Hmm. Something seems off here. Did this super-rich hundredth-of-the-1% in the ’50s reallya) pay anything near those super-high 91% marginal rates, or did they b) employ accountants and loopholes to avoid them (as the conventional tax-reformer wisdom would have it)? If you read Krugman’s paragraph you’d probably conclude (a)–high income tax rates really sock it to the rich! But the truth is closer to (b).
According to this CRS study, that 91% marginal rate produced an effective income tax rate on the top 0.01 percent of only about 45%. Krugman himself appears to be relying on Piketty and Saez–but they come in with an even lower figure, 31%. They only get to 70% by including corporate taxes, which Krugman mentions, and estate taxes–which he doesn’t mention at all.
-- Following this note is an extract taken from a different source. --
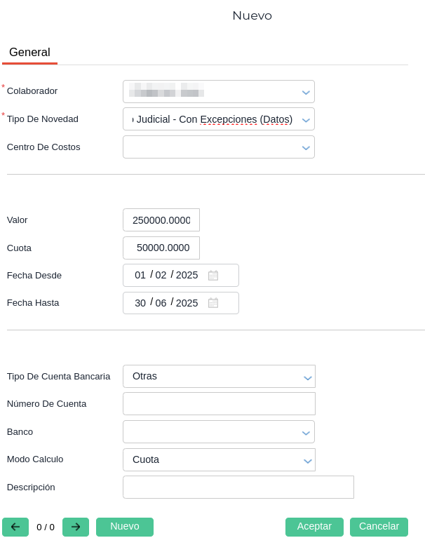 Cuota: Este campo puede completarse de dos maneras, con el valor de la cuota a descontar por mes que determine el oficio o puede dejarse en “0” si el documento dictamina que sea haga un descuento por un porcentaje que varia según el salario básico del colaborador.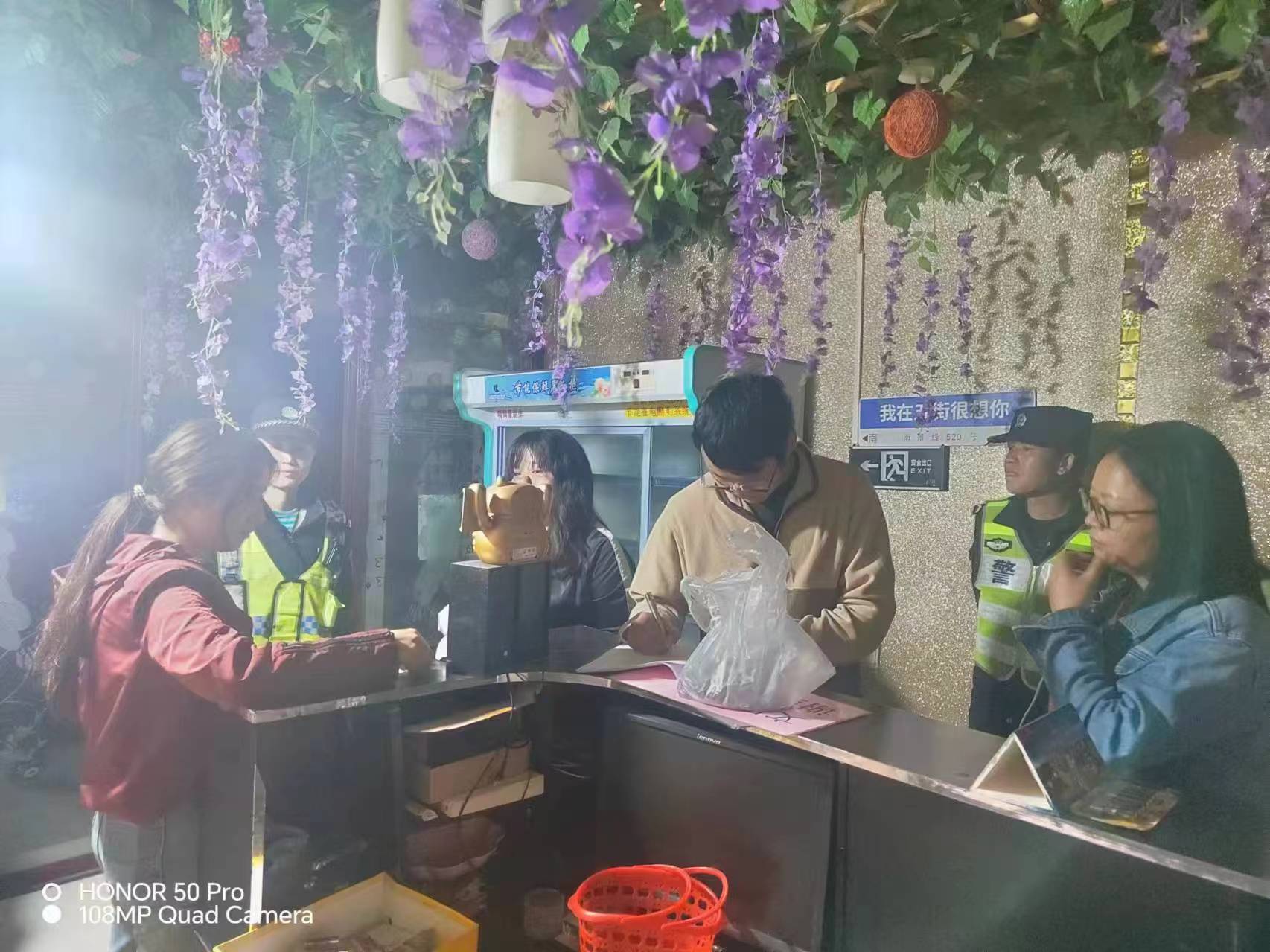 此次行动按照镇党委、政府部署,统筹了综治、公安、市监、社保、食安、教育等多股力量,按照纵向到底、横向到边的原则,对辖区内的餐馆、宾馆、酒吧、烧烤摊、KTV等重点行业、重点领域开展联合执法检查。

…Here are Picketty and Saez ,concluding that the effective income tax rate [“]in 1960 reached an average rate of 31 percent at the very top, only slightly above the 25 percent average rate at the very top in 2004. Within the 1960 version of the individual income tax, lower rates on realized capital gains, as well as deductions for interest payments and charitable contributions, reduced dramatically what otherwise looked like an extremely progressive tax schedule, with a top marginal tax rate on individual income of 91 percent. ["]
Doubtless this debate will run and run…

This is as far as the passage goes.